Estimation of evaporator valve sizes in supermarket refrigeration cabinets

Abstract

In many applications, e.g. fault diagnostics and optimized control of supermarket refrigeration systems, it is important to determine the heat demand of the cabinets. This can easily be achieved by measuring the mass flow through each cabinet, however that is expensive and not feasible in large-scale deployments. Therefore it is important to be able to estimate the valve sizes from the monitoring data, which is typically measured. The valve size is measured by an area, which can be used to calculate mass flow through the valve — this estimated value is referred to as the valve constant. A novel method for estimating the cabinet evaporator valve constants is proposed in the present paper.

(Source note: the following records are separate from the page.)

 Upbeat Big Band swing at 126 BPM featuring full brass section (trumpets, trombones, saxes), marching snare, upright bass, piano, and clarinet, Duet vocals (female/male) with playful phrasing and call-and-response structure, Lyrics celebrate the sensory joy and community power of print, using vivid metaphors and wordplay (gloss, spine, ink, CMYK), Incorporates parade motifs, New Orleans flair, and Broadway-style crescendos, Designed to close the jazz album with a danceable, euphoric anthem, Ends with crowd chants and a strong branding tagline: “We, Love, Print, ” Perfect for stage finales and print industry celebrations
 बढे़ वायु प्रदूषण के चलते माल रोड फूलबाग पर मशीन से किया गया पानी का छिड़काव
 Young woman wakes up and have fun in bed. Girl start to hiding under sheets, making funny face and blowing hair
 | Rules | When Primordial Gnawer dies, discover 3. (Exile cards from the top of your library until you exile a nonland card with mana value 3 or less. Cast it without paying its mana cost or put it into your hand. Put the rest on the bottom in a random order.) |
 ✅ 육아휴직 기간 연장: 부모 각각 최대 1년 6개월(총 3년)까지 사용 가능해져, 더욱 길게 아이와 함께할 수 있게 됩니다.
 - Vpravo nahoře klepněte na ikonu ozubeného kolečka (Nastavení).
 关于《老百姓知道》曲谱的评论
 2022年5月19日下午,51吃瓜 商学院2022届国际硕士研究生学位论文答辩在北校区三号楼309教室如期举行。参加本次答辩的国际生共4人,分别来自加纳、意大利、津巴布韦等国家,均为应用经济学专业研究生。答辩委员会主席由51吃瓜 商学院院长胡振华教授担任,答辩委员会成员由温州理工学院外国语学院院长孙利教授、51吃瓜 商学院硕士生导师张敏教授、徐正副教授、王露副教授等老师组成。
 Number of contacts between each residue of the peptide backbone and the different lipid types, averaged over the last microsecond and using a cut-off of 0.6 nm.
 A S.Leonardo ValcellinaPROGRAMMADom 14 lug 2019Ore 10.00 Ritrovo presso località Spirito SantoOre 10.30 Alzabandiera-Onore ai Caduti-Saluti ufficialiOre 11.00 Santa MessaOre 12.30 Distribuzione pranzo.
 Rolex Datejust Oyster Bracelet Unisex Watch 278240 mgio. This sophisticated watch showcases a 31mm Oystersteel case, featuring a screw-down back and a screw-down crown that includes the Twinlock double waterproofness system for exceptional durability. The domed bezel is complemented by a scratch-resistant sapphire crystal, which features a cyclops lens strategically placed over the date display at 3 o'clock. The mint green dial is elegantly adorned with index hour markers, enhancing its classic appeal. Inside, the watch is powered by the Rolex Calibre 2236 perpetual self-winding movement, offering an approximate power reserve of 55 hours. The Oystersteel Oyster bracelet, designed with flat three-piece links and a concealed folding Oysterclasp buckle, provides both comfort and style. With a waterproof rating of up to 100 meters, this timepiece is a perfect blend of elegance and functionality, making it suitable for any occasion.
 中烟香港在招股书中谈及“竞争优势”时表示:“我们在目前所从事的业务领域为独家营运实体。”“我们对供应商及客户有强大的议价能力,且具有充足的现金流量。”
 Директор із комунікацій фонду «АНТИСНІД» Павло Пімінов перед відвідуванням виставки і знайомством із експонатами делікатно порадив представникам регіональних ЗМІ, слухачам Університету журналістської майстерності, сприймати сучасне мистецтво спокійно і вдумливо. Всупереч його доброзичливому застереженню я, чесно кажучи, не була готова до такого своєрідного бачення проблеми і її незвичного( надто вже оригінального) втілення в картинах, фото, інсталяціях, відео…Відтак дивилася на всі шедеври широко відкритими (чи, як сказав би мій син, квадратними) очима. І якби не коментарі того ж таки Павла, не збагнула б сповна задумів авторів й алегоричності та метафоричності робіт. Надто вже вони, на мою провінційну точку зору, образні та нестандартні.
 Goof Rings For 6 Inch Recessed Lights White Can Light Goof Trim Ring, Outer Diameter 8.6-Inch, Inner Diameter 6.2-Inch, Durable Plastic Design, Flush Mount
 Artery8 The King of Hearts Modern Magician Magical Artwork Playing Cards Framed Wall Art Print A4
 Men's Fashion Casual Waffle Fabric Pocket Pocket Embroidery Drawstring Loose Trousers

It is demonstrated using monitoring data from a refrigeration system in a supermarket in Otterup (Denmark), consisting of data sampled at a one-minute sampling rate, however it is shown that a sampling time of around 10–20 min is adequate for the method. Through thermodynamic analysis of a two stage CO2 refrigeration system, a linear regression model for estimating valve constants is developed using time series data. The linear regression requires that transient dynamics are not present in the data, which depends on multiple factors e.g. the sampling time. If dynamics are not modelled it can be detected by a significant auto-correlation of the residuals. In order to include the dynamics in the model, an Auto-Regressive Moving Average model with eXogenous variables (ARMAX) is applied, and it is shown how it effectively eliminates the auto-correlation and provides less bias and higher accuracy of the estimates. Furthermore, it is shown that the sample time has a huge impact on the estimates. Thus, a method for selecting the optimal sampling time is introduced. It works individually for each of the evaporators, by exploring their respective frequency spectrum. That way, a reliable estimate of the actual valve constant can be achieved for each evaporator in the system and it is shown that sampling times above 10 min are optimal for the analysed systems.